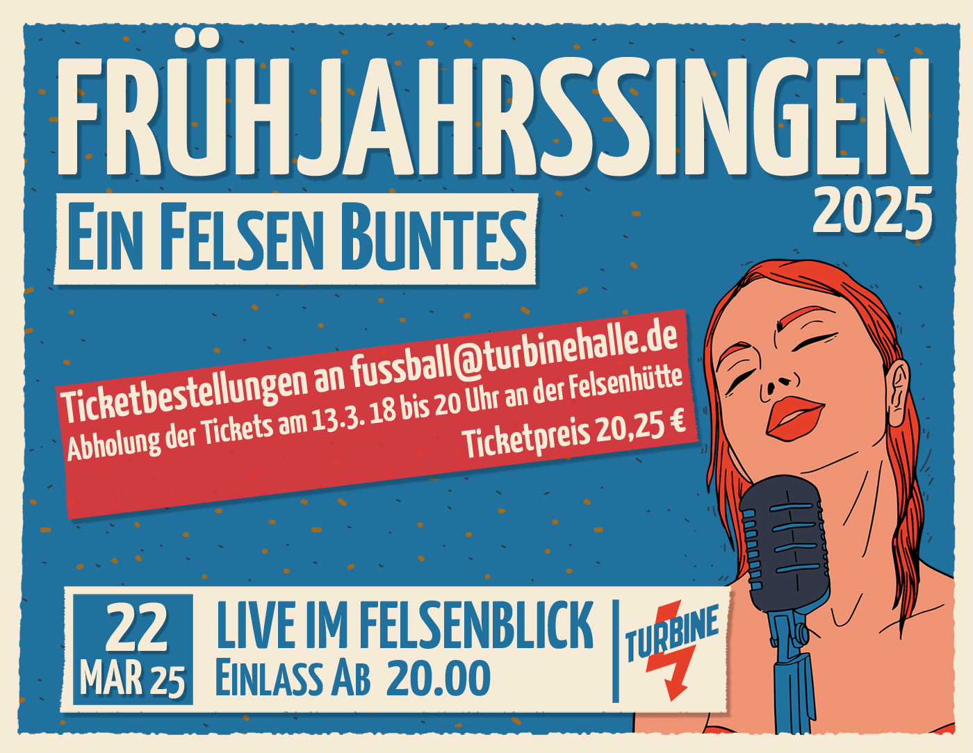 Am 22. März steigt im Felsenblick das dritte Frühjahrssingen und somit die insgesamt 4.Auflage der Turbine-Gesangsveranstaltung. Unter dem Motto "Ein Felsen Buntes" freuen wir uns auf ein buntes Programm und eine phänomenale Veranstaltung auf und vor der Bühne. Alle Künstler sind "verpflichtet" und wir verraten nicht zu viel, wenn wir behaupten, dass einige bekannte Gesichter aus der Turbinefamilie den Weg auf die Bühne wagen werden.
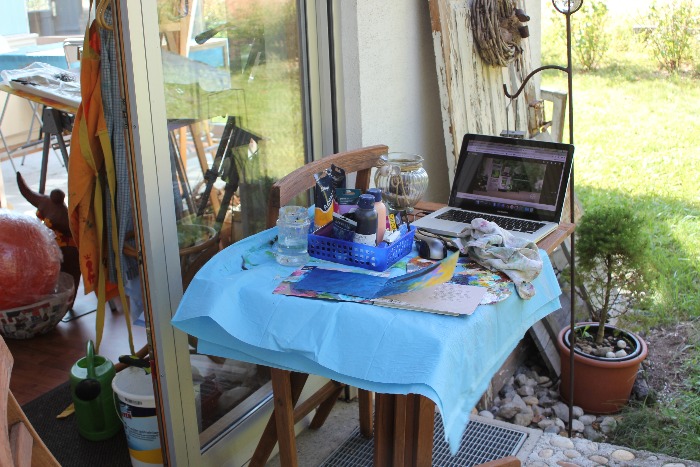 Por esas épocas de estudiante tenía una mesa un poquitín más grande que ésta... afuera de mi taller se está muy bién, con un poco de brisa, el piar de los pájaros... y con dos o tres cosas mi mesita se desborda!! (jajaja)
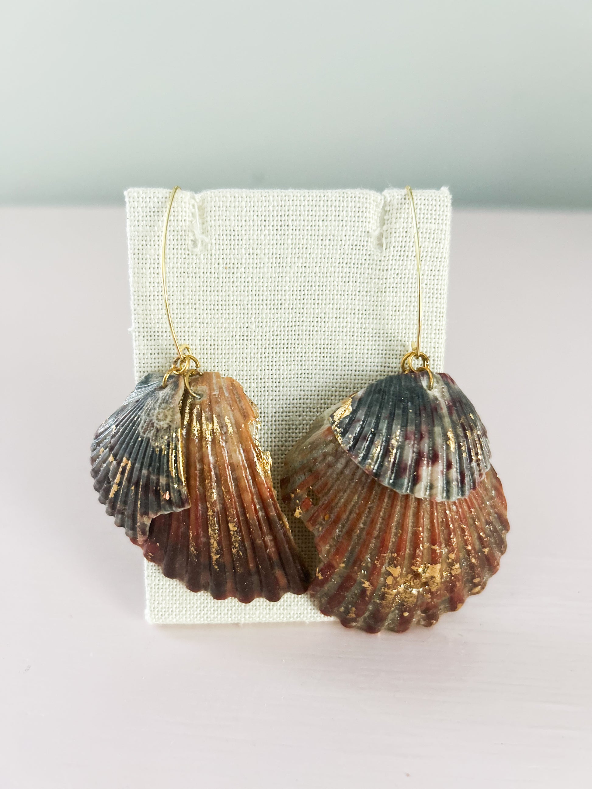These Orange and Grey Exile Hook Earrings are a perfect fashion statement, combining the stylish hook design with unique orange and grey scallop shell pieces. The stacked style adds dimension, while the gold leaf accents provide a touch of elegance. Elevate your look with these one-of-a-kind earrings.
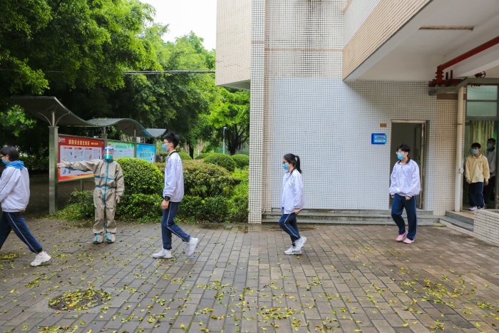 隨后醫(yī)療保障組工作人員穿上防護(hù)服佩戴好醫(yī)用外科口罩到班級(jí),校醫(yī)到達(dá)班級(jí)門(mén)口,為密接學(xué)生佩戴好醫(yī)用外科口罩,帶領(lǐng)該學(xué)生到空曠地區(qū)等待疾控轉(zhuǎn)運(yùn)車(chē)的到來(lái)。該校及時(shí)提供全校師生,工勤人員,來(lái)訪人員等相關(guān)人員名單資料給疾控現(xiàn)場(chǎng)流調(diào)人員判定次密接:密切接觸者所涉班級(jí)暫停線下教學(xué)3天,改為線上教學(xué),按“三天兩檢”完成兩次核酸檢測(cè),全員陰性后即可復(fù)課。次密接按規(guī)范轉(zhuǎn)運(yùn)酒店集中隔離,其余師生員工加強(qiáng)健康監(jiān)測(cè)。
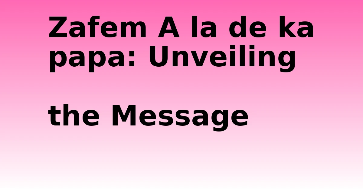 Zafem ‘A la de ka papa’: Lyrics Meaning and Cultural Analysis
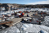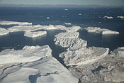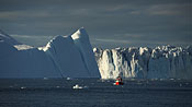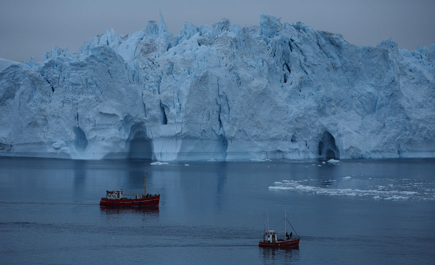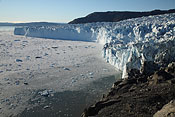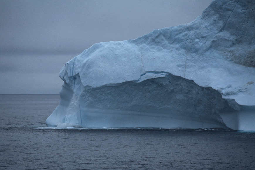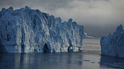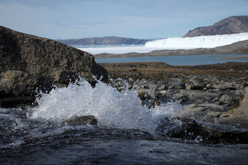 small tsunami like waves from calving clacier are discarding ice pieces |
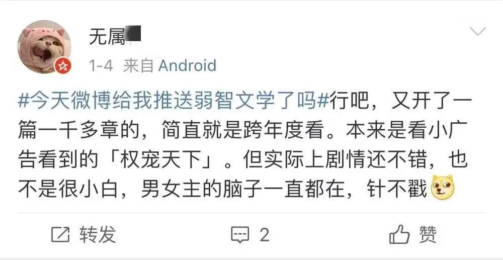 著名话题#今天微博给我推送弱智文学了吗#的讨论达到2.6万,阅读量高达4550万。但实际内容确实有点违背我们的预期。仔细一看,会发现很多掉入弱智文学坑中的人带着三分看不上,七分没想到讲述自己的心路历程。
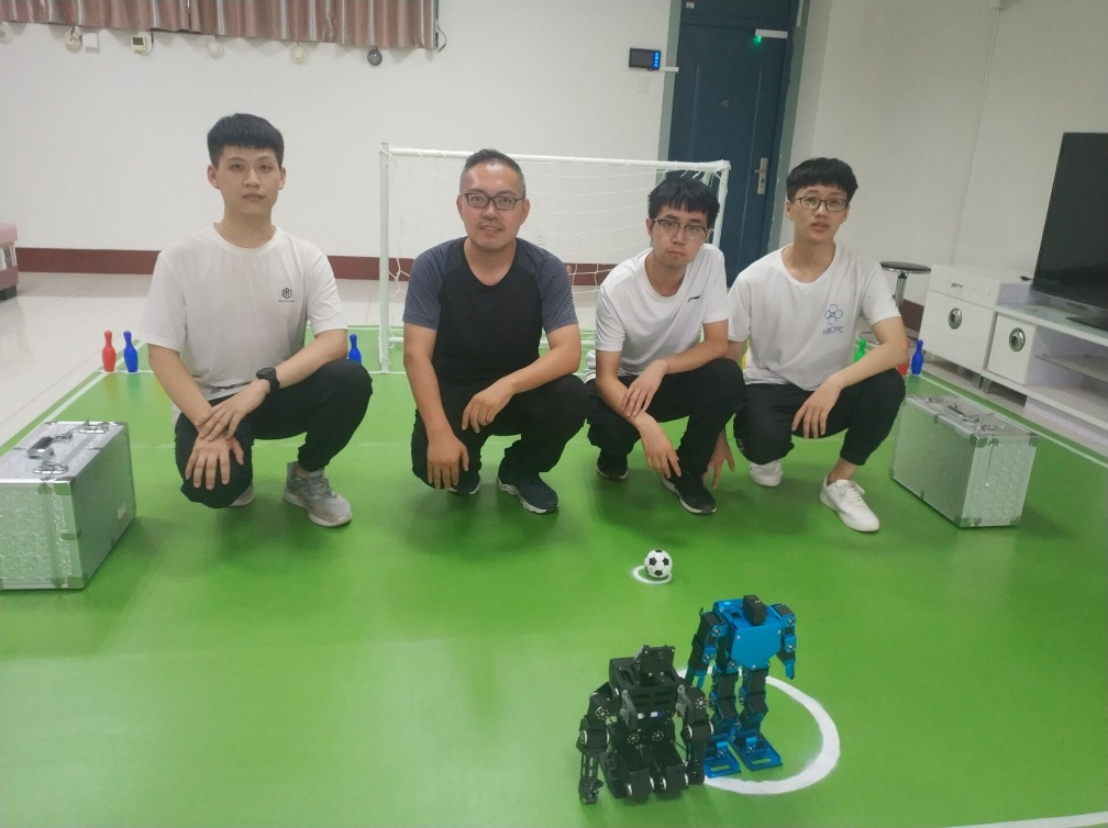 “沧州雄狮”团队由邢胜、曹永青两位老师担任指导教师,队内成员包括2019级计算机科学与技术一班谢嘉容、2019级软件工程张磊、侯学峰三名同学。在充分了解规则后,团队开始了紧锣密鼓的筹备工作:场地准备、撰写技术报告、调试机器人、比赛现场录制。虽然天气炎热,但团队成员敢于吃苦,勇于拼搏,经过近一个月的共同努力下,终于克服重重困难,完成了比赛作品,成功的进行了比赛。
■ ■ ■ ■
_WHAT YOU SHOULD DO_. Reproduce the listing above exactly, excluding all pictures.

_REPLY TO THE EXERCISE_.
 Am 22. März steigt im Felsenblick das dritte Frühjahrssingen und somit die insgesamt 4.Auflage der Turbine-Gesangsveranstaltung. Unter dem Motto "Ein Felsen Buntes" freuen wir uns auf ein buntes Programm und eine phänomenale Veranstaltung auf und vor der Bühne. Alle Künstler sind "verpflichtet" und wir verraten nicht zu viel, wenn wir behaupten, dass einige bekannte Gesichter aus der Turbinefamilie den Weg auf die Bühne wagen werden.
 Por esas épocas de estudiante tenía una mesa un poquitín más grande que ésta... afuera de mi taller se está muy bién, con un poco de brisa, el piar de los pájaros... y con dos o tres cosas mi mesita se desborda!! (jajaja)
These Orange and Grey Exile Hook Earrings are a perfect fashion statement, combining the stylish hook design with unique orange and grey scallop shell pieces. The stacked style adds dimension, while the gold leaf accents provide a touch of elegance. Elevate your look with these one-of-a-kind earrings.
 隨后醫(yī)療保障組工作人員穿上防護(hù)服佩戴好醫(yī)用外科口罩到班級(jí),校醫(yī)到達(dá)班級(jí)門(mén)口,為密接學(xué)生佩戴好醫(yī)用外科口罩,帶領(lǐng)該學(xué)生到空曠地區(qū)等待疾控轉(zhuǎn)運(yùn)車(chē)的到來(lái)。該校及時(shí)提供全校師生,工勤人員,來(lái)訪人員等相關(guān)人員名單資料給疾控現(xiàn)場(chǎng)流調(diào)人員判定次密接:密切接觸者所涉班級(jí)暫停線下教學(xué)3天,改為線上教學(xué),按“三天兩檢”完成兩次核酸檢測(cè),全員陰性后即可復(fù)課。次密接按規(guī)范轉(zhuǎn)運(yùn)酒店集中隔離,其余師生員工加強(qiáng)健康監(jiān)測(cè)。
 Zafem ‘A la de ka papa’: Lyrics Meaning and Cultural Analysis
 small tsunami like waves from calving clacier are discarding ice pieces |
 著名话题#今天微博给我推送弱智文学了吗#的讨论达到2.6万,阅读量高达4550万。但实际内容确实有点违背我们的预期。仔细一看,会发现很多掉入弱智文学坑中的人带着三分看不上,七分没想到讲述自己的心路历程。
 “沧州雄狮”团队由邢胜、曹永青两位老师担任指导教师,队内成员包括2019级计算机科学与技术一班谢嘉容、2019级软件工程张磊、侯学峰三名同学。在充分了解规则后,团队开始了紧锣密鼓的筹备工作:场地准备、撰写技术报告、调试机器人、比赛现场录制。虽然天气炎热,但团队成员敢于吃苦,勇于拼搏,经过近一个月的共同努力下,终于克服重重困难,完成了比赛作品,成功的进行了比赛。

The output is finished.